Firm to Help Sell or Revive Vanguarde Magazines

Vanguarde Media, the publisher of Honey, Heart & Soul and Savoy magazines, has hired Triax Capital Advisors to help it restructure its business. Triax is to help sell its titles or find a strategic partner to help revive them, as Valerie Block reports in Crain’s New York Business.

In Friday’s New York Daily News, Paul D. Colford quoted Triax managing partner Joseph Sarachek as saying that founder Keith Clinkscales wouldn’t be involved as an officer of Vanguarde. But, Sarachek added, “He may be an interested buyer.”

Clinkscales resigned as chairman and CEO of Vanguarde when it filed for protection from bankruptcy last month.

Philly Black Business Leaders Blast Dailies

Bruce Crawley, friend of Mayor [John] Street and head of the city’s African-American Chamber of Commerce, yesterday blasted the city’s two daily newspapers for their coverage of the federal probe into municipal corruption,” Mark McDonald wrote Friday in the Philadelphia Daily News.

“At a press conference in the ornate Mayor’s Reception Room at City Hall, Crawley said the city’s African-American businesses are victims of ‘profiling’ by the two dailies, which are engaged in a ‘dangerous, racially biased game.’

“Stories portray these businesses as being ‘involved inappropriately’ with the Street administration, Crawley said. Media reports also suggest that these minority firms only got city work after making campaign contributions to Street, he contended.

Zachary Stalberg, editor of the Daily News, said: ‘Bruce raised a number of legitimate issues in his long statement, but he chose to ignore two things of which he is well aware.

“‘First, the Daily News is not attacking minority-owned businesses. It is covering a federal investigation.
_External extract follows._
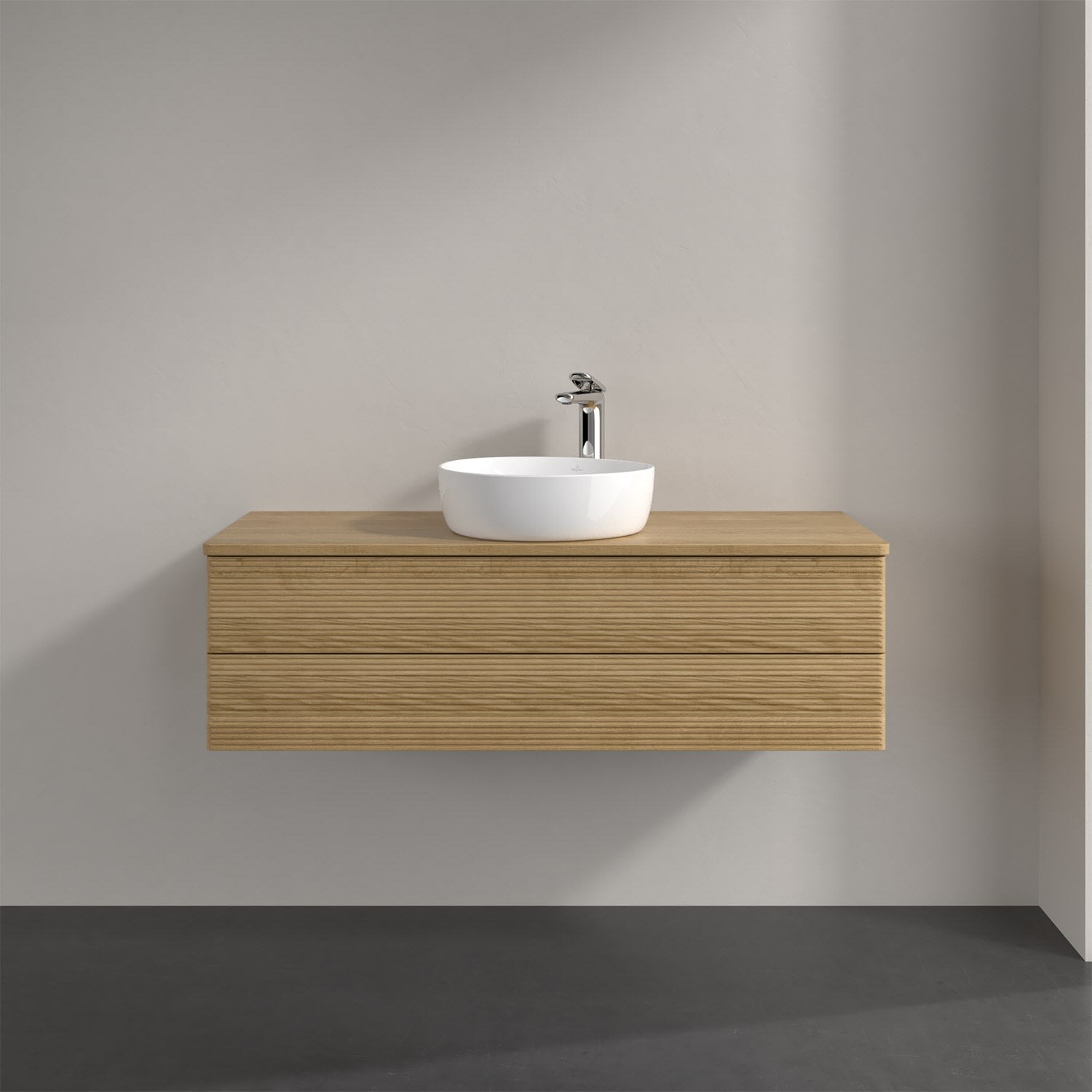 Villeroy & Boch Antao Waschbeckenunterschrank, 120 x 36 cm, 2 Auszüge mit LED-Licht, Front mit Struktur, mit Hahnloch, für Waschtisch mittig

Second, the two newspapers might be jointly owned, but they do not act in concert.’

Amanda Bennett, the Inquirer’s editor, said that given the revelation of a large federal investigation into city government and its contracts, ‘what newspaper would not provide aggressive coverage of that situation?'”

BET Signs Deals with Cox, Comcast

Black Entertainment Television and Atlanta-based cable television operator Cox Communications have renewed their distribution relationship for BET and BET Jazz Network programming. The new agreement takes effect Jan. 1 and runs through Dec. 31, 2009, according to a Friday news release.

“This agreement covers Cox’s 6.3 million subscribers in such major markets as Las Vegas, Phoenix, New Orleans/Baton Rouge, San Diego, Oklahoma City and the Hampton Roads, Virginia area.

“Earlier today, BET parent company Viacom announced a sweeping distribution contract with Comcast that covered all of Viacom’s cable network properties including BET and BET Jazz,” the release said.

Dwight Ellis to Retire from NAB After 20 Years

Dwight Ellis, who has headed the National Association of Broadcasters’ Career Center and Human Resource Development for more than two decades, plans to retire from the trade association effective Feb. 1, the organization announces.

“As vice president of human resource development, Ellis oversees NAB?s diversity outreach program that links television and radio broadcast companies to colleges and universities across the country, serves as a liaison to minority and women’s groups, and has been an advocate for minority entrepreneurship in the industry,” a news release says.

“Ellis has helped launch broadcasting careers of scores of college graduates and provided networking opportunities for students and other professionals through career fairs, seminars and Web sites. He?s also left a mark on young professionals by directing them to scholarship and grant programs that made it possible for them to complete their educations. Ellis also helped create NAB?s Career Center, a free referral service linking broadcasters to culturally diverse, qualified job applicants.”

Ellis joined NAB in 1978 and was promoted to vice president in 1980. He plans to launch Dwight Ellis & Associates Ltd., “a global media and workforce development consultancy that uses ‘Strategic Diversity,’ a holistic approach for meeting challenges of doing business in the global marketplace.”